3. **Apply time filters** - Only trade during certain hours of the day or days of the week.
4. **Apply market condition filters** - Only trade during specific market conditions (e.g., low volatility, trending markets).
5. **Combine with other indicators** - Add additional filters using traditional indicators.
6. **Adjust confidence threshold** - Increase or decrease based on backtest results.
7. **Optimize trade duration** - Set maximum holding period based on the analysis.

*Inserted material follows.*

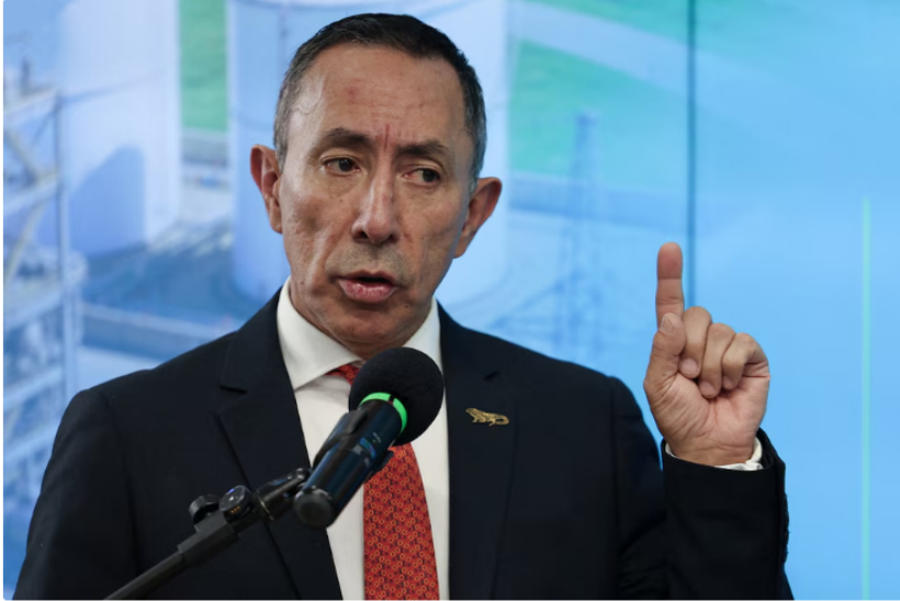
Ricardo Roa, presidente de Ecopetrol , ofició como gerente de la campaña de Gustavo Petro en las contiendas presidenciales de 2022

imputaciones formales de la Fiscalía General de la Nación por violación de topes electorales, en el caso ya mencionado referente a la aspiración del hoy jefe de Estado; y, además, por el presunto tráfico de influencias, tras la compra de un lujoso apartamento en Bogotá.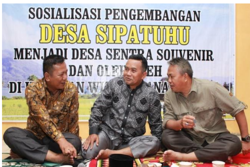
Gambar 4. Tim PkM PPDM dan Kades Sipatuhu

Tahap berikutnya Tim PkM PPDM Universitas Baturaja, dengan melibatkan mahasiswa melakukan survei pemetaan potensi desa serta pemasalahan-permasalahan yang dihadapi oleh Pemerintah Desa dan BUMDes serta para pelaku usaha, terkait dengan produksi usaha guna meningkatkan kesejahteraan masyarakat guna menjadikan Sipatuhu sebagai sentra souvenir dan oleh-oleh di kawasan wisata Danau Ranau. Dari dua tahapan itu, akhirnya pada tanggal 12 Juni 2020 disepakati pelaksanaan sosialisasi program dan pelaksanaan tahapan kegiatan PkM PPDM Universitas Baturaja dengan melibatkan unsur-unsur Pemerintah Desa, Pengurus BUMDes, pelaku usaha, tokoh-tokoh masyarakat di Desa Sipatuhu yang berjumlah 45 orang, di Kantor Kepala Desa Sipatuhu.

## 11. Save Backtest Results

Let's save our backtest results for future reference and comparison.

In [None]:
# Save backtest results and report
if backtest_results:
    # Save DataFrame to CSV
    df_results.to_csv('../backtest_results.csv', index=False)
    print("Saved backtest results to '../backtest_results.csv'")
    
    # Save backtest report to text file
    with open('../backtest_report.txt', 'w') as f:
        f.write(backtest_report)
    print("Saved backtest report to '../backtest_report.txt'")

## Summary

In this notebook, we've completed a comprehensive backtest of our trading entry point prediction model:

1. Loaded our trained model and prepared backtesting data
2. Found potential entry points based on model predictions
3. Visualized these entry points on price charts
4. Simulated trades with target prices and stop losses
5. Analyzed overall strategy performance
6. Examined monthly performance patterns
7. Analyzed the relationship between trade duration and profitability
8. Created an equity curve to visualize cumulative returns
9. Identified characteristics of winning and losing trades
10. Proposed potential refinements to improve the strategy

Next, we can use these insights to refine our model and trading strategy for better performance.